Barts-MS rose-tinted-odometer ★ ★ ★ ★ ★
Yawn! I am getting tired of the saying the same-old things on this blog. Is it time to retire and do something new?
We have done some modelling work and predict that ~20% of new or incident cases of MS could be prevented if we stop the population from smoking. The question is how do we achieve this? Taxation has worked to some extent in that we are seeing a fall in the number of current smokers, but the numbers of teenagers smoking looks as if it is quite resistant to change. The solution must be education, education, education and a war against the tobacco industry.
If social media is such a powerful tool to hack the brains of voters, why don’t public health departments use this technology to promote their agenda? What we need are companies like Cambridge Analytica to do some good in the world and to promote a ‘Don’t Start Smoking’ campaign.
We did try and get some insights into why teenage girls start smoking when Amy Sankey, a work experience student, did a survey in her school for us. Despite the almost universal awareness of the harms of smoking in terms of lung cancer, most girls, however, did not know that there is a link between smoking and autoimmunity. I suspect even if they knew about the link it would be unlikely to prevent them from starting to smoke.

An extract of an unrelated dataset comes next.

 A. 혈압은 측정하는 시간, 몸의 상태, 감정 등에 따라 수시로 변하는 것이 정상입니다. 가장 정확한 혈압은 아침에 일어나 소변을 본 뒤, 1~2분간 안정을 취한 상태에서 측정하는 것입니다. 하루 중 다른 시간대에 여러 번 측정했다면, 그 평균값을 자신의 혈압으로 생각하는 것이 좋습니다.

We are interested in smoking as a risk factor for MS as it is telling us something about the cause of the disease. It appears that smoking must be acting via the lungs and is due to tobacco itself. Use of oral, non-smoked, tobacco is in fact associated with a reduced risk of getting MS, hence it is not tobacco exposure. Solvent exposure is also associated with an increased risk of getting MS, which supports the lung hypothesis of developing MS.
Lung hypothesis #1 argues that damage to the lung from smoking or solvents creates a pro-inflammatory environment that is sufficient to activate pre-existing autoreactive T-cells. In comparison, lung hypothesis #2 argues that smoking damages proteins by a process called post-translational modification and that these proteins stimulate an immune response that then cross-reacts with normal antigens to set-up autoimmunity. The argument for the latter in triggering rheumatoid arthritis, an autoimmune disease of joints, is quite compelling but is less compelling when it comes to MS. We hope to study whether post-translational modification of CNS antigens is relevant in MS via an ECTRIMS fellowship we have supported.

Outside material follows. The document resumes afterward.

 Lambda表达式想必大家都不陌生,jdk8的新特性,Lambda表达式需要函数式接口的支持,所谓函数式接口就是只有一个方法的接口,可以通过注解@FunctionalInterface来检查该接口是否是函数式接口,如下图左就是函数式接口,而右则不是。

What is interesting is that smoking interacts with genetic risk factors for developing MS and with EBV infection suggesting that there is a critical gene-environment interaction that causes MS. Wouldn’t it be interesting to study and find out what these interactions are? We have an exceptionally bright and able young researcher, Ben Jacobs, who wants to do a PhD on this exact topic; gene-environment interactions. At the moment we are ruminating about the best approach he should take to address this question. It is not an easy experiment so if you have suggestions please feel free to contact us.
I would also like to remind you that smokers who have MS have a much poorer prognosis, which is why we recommend that you stop smoking if you can.
If you are interested in smoking and MS there is a new review that has just come out.
Rosso & Chitnis. Association Between Cigarette Smoking and Multiple Sclerosis: A Review. JAMA Neurol. 2019 Dec 16. doi: 10.1001/jamaneurol.2019.4271
IMPORTANCE: Cigarette smoking is a common environmental exposure and addiction, which has severe health consequences. Smoking is a risk factor for multiple sclerosis (MS); also, smoking has been associated with disease activity and overall prognosis for patients with MS.
OBSERVATIONS: Cigarette smoking is an irritative agent on the lungs, in which a proinflammatory cascade starts that culminates in autoimmunity. Inflammation may increase the risk of MS in some individuals, in a process driven by antigen cross-reactivity between lung antigens and myelin antigens. Genetics plays a central role in the individual predisposition to mounting an autoimmune reaction. Also, free radicals, cyanates, and carbon monoxide in cigarette smoke may be directly toxic to neurons. Patients with MS who smoke have higher rates of disease activity, faster rates of brain atrophy, and a greater disability burden. Some of the outcomes of smoking were found to be reversible, which makes counselling key.
CONCLUSIONS AND RELEVANCE: The pathways involved in cigarette smoking should be further analyzed to understand the mechanisms whereby smoking worsens MS prognosis. The proinflammatory and neurotoxic outcomes of cigarette smoking may be shared by other environmental exposures, such as pollution and organic solvents. From a global perspective, efforts should be made to diminish the prevalence of cigarette smoking in patients with MS.